Background. The ability to assess the risk of a patient developing pressure sores is a major issue in pressure sore prevention. Risk assessment scales should be valid, reliable and easy to use in clinical practice.

Aim. To develop further a risk assessment scale, for predicting pressure sore development and, in addition, to present the validity and reliability of this scale.

Methods. The risk assessment pressure sore (RAPS) scale, includes 12 variables, five from the re-modified Norton scale, three from the Braden scale and three from other research results. Five hundred and thirty patients without pressure sores on admission were included in the study and assessed over a maximum period of 12 weeks. Internal consistency was examined by item analysis and equivalence by interrater reliability. To estimate equivalence, 10 pairs of nurses assessed a total of 116 patients. The underlying dimensions of the scale were examined by factor analysis. The predictive validity was examined by determination of sensitivity, specificity and predictive value.

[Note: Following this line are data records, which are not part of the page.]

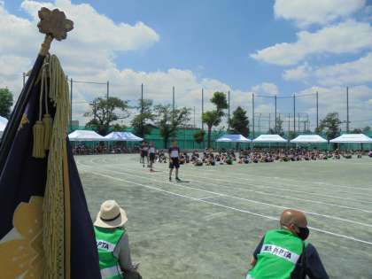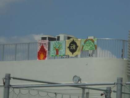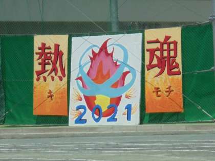 今年度のスローガン「熱魂〜キモチ」は生徒会作、シンボルマークは美術部の作となります。吹奏楽部の演奏が、入場行進や開会式を盛り上げてくれました。三年生の各学級目標も掲示されています。
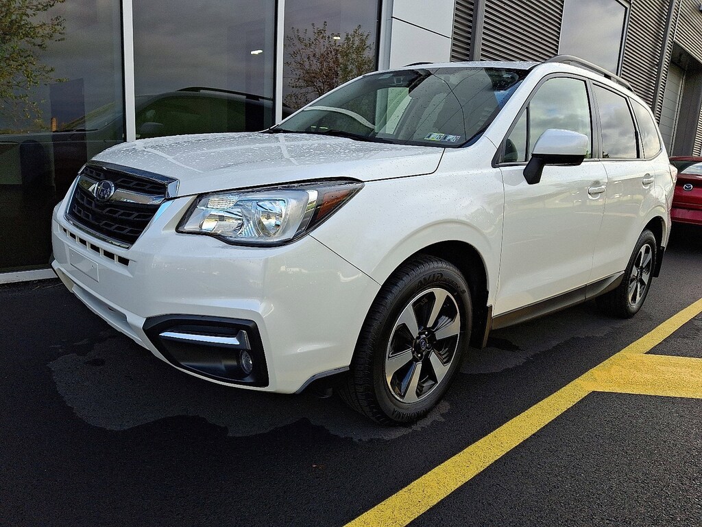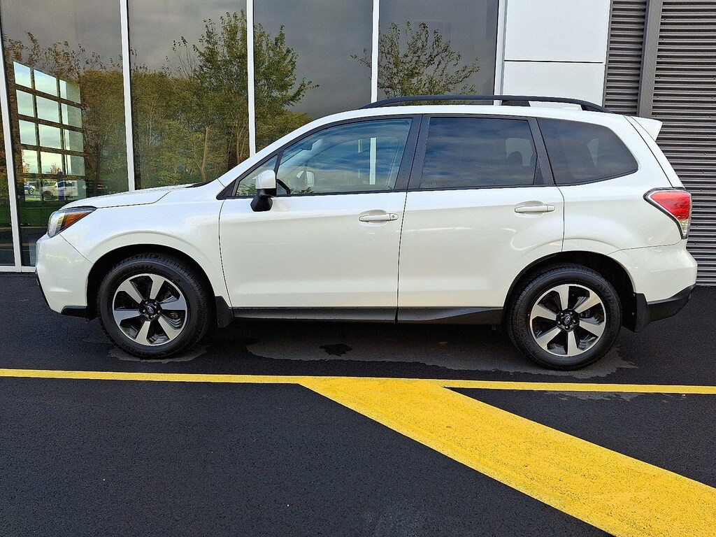 Clean CARFAX. CARFAX One-Owner. Crystal White Pearl 2018 Subaru Forester 2.5i Premium AWD Lineartronic CVT 2.5L 4-Cylinder DOHC 16V VVT All-Weather Pkg & EyeSight & Blind Spot Detection, Blind Spot Detection w/Rear Cross Traffic Alert, EyeSight System, Heated Exterior Mirrors, Heated Front Seats, High Grade Instrument Cluster w/Color LCD Display, Steering Responsive Fog Lights (SRF), Windshield Wiper De-Icer.
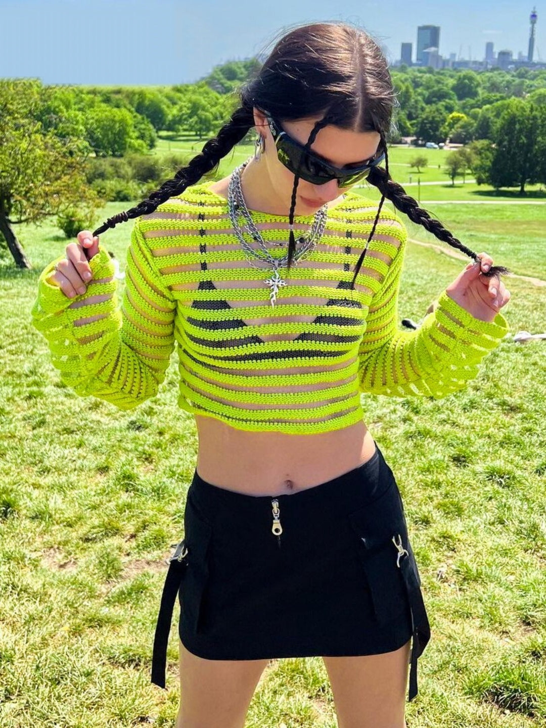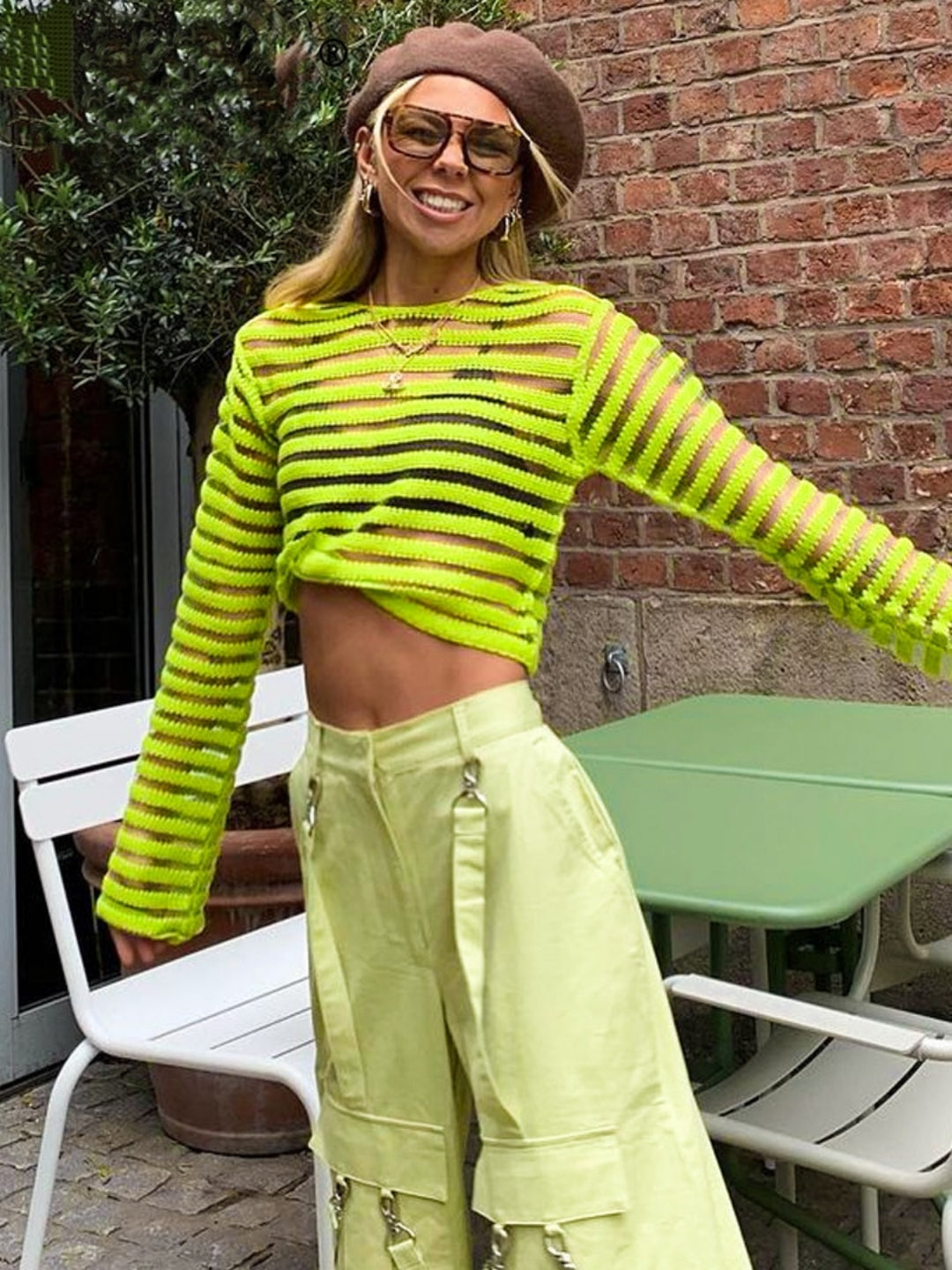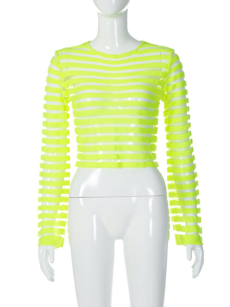 Women Patchwork Knitted Y2K Clothes Long Sleeve Crop Top Vintage Korean Fashion Vacation Streetwear T Shirts
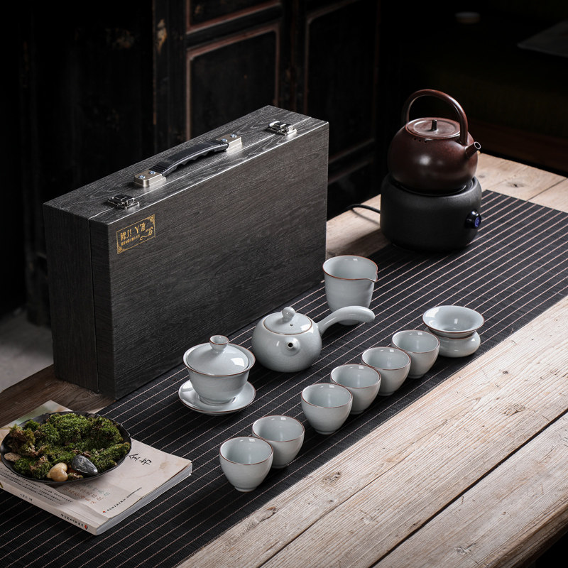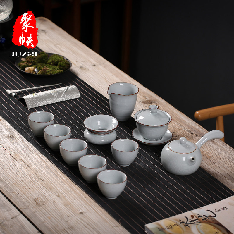 Ru Kiln Moon White-10 head side handle Ru kiln Tianqing-10 head side handle Ru kiln Light blue-10 head side handle Ru kiln Moon white-15 head Shih Teapot Ru Kiln Tianqing-15 head Shih Teapot
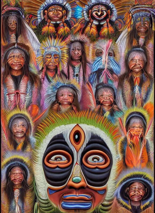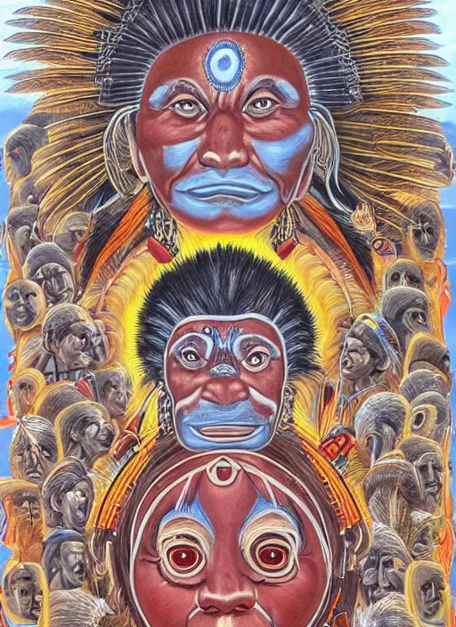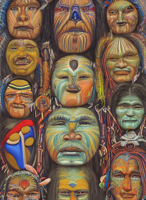faces of indigenous amazonian grandfathers and grandmothers spirits in the clouds, smiling, protection, benevolence, ancestors, detailed faces, symetrical, religious painting, art by alex gray
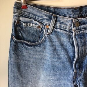 Levi’s 501 cropped jeans in color You Pretty Thing. Raw hem, distressing. Cotton
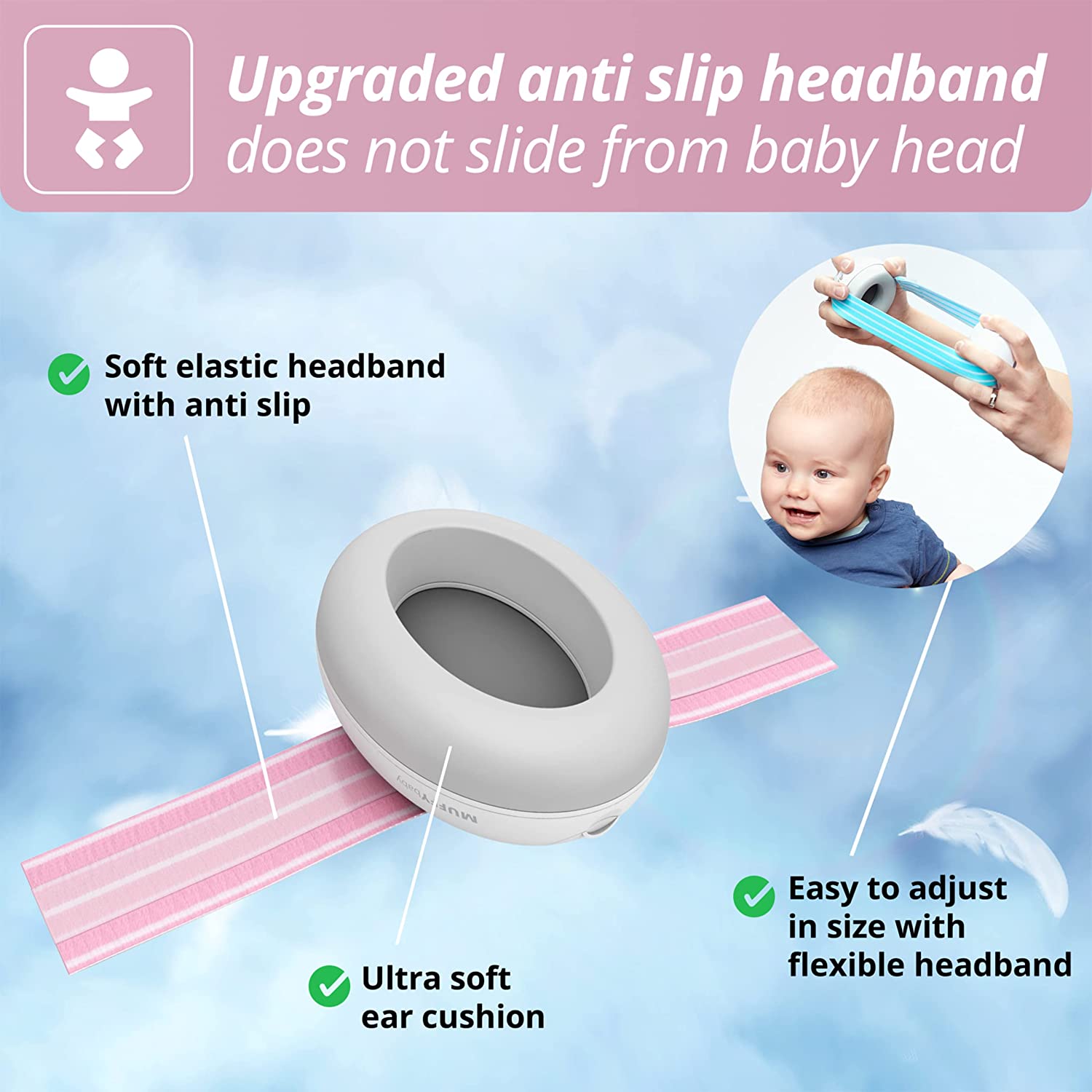 • NO PRESSURE ON FONTANEL | The head of a baby younger than 18 months is extremely vulnerable because of the not yet closed fontanelle. The Muffy Baby is a better choice thanks to its specially designed soft headband. It fits smoothly and without adding any pressure.
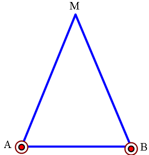 Hai dây dẫn thẳng, rất dài, đặt song song, cách nhau 18 cm trong không khí, có hai dòng điện cùng chiều, cùng cường độ = 6 A chạy qua, vuông góc và cắt mặt phẳng hình vẽ (mặt phẳng P) lần lượt tại A và B (dòng đi ra tại A, dòng đi ra tại B). Gọi M là điểm thuộc mặt phẳng P sao cho MA = MB = 15 cm (xem hình vẽ). Gọi φ là góc hợp bởi véc tơ cảm ứng từ tổng hợp tại M () và véc tơ . Chọn phương án đúng.
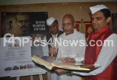 Event Description : Rajendran, Head Marketing, C Krishnaiah Chetty Group with Someshekhar, dressed like Mahatma Gandhiji and Himanshu, Shrimad Rajchandraji Mission, addressing a press conference on the upcoming play “Yugpurush” on Mahatma Gandhi and his mentor Shrimad Rajchandraji to be performed at Chowdiaiah Memorial Hall on 1st September, the press conference was held at Press Club, in Bengaluru on Monday 28th August 2017

Results. Two variables were excluded as a result of low item–item and item–total correlations. The average percentage of agreement and the intraclass correlation between raters were 70% and 0·83, respectively. The factor analysis gave three factors, with a total variance explained of 65·1%. Sensitivity, specificity and predictive value were high among patients at medical and infection wards.

Conclusions. The RAPS scale is a reliable scale for predicting pressure sore development. The validity is especially good for patients undergoing treatment in medical wards and wards for infectious diseases. This indicates that the RAPS scale may be useful in clinical practice for these groups of patients. For patients undergoing surgical treatment, further analysis will be performed.